The authors report that tool execution accounts for about 60% of latency in coding tasks, 50% in deep-research tasks, and 36% in scientific tasks in their measured workloads. That is not a rounding error. It is the shape of the system.
The proposed system, PASTE, does not try to make the LLM itself dramatically faster. It asks a more operational question: when the next tool call is predictable, can the system start that work before the LLM explicitly asks for it?
The answer is yes, but only if the system can solve two problems that are easy to underestimate. First, it must predict not only the next tool type, but also the arguments that tool will need. Second, it must do so without letting a wrong guess mutate the environment, waste scarce resources, or slow down the real agent path. In other words: speculation is useful only when it is cheap, bounded, and boringly controlled. The exciting version would break things faster.
PASTE’s contribution is therefore best understood as a mechanism, not a slogan.
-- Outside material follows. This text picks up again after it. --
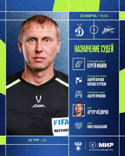 🚩 💙🩵 Сергей Иванов – главный арбитр матча #ДинамоЗенит РФС публикует назначения арбитров на 22-й тур Мир РПЛ.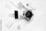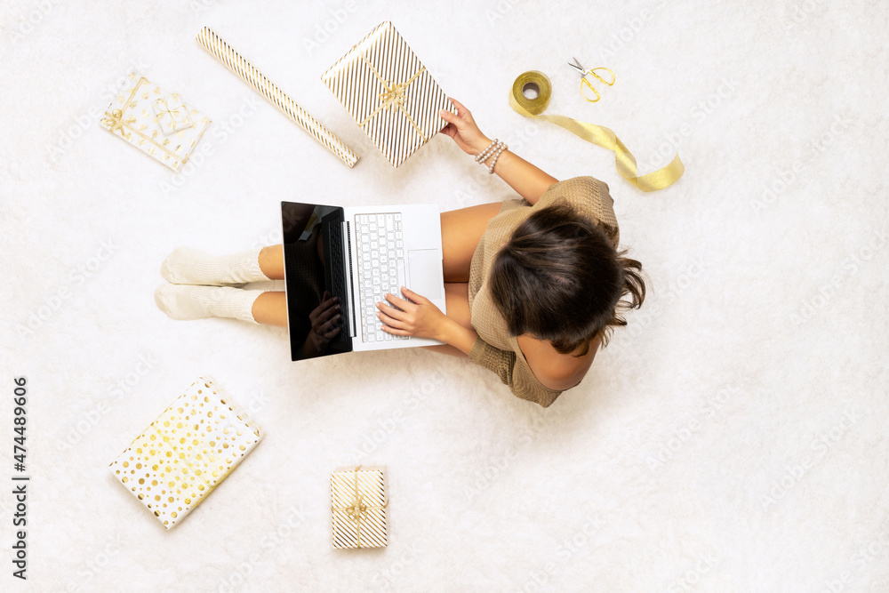 Christmas. Woman in sweater using laptop for searching gift ideas sitting on the white carpet among the many wrapped boxes in white gold wrapping paper. Top view. Concept

It builds a pattern abstraction for predicting tool calls, then places those predictions behind an opportunistic scheduler that uses idle resources without competing with authoritative execution. The paper’s headline numbers are strong: up to 48.5% average task-completion latency reduction, up to 55.2% average tool-latency reduction, and a 67% reduction in tool-wait time. But the more useful lesson is not “agents can be faster.” The useful lesson is where the speed comes from.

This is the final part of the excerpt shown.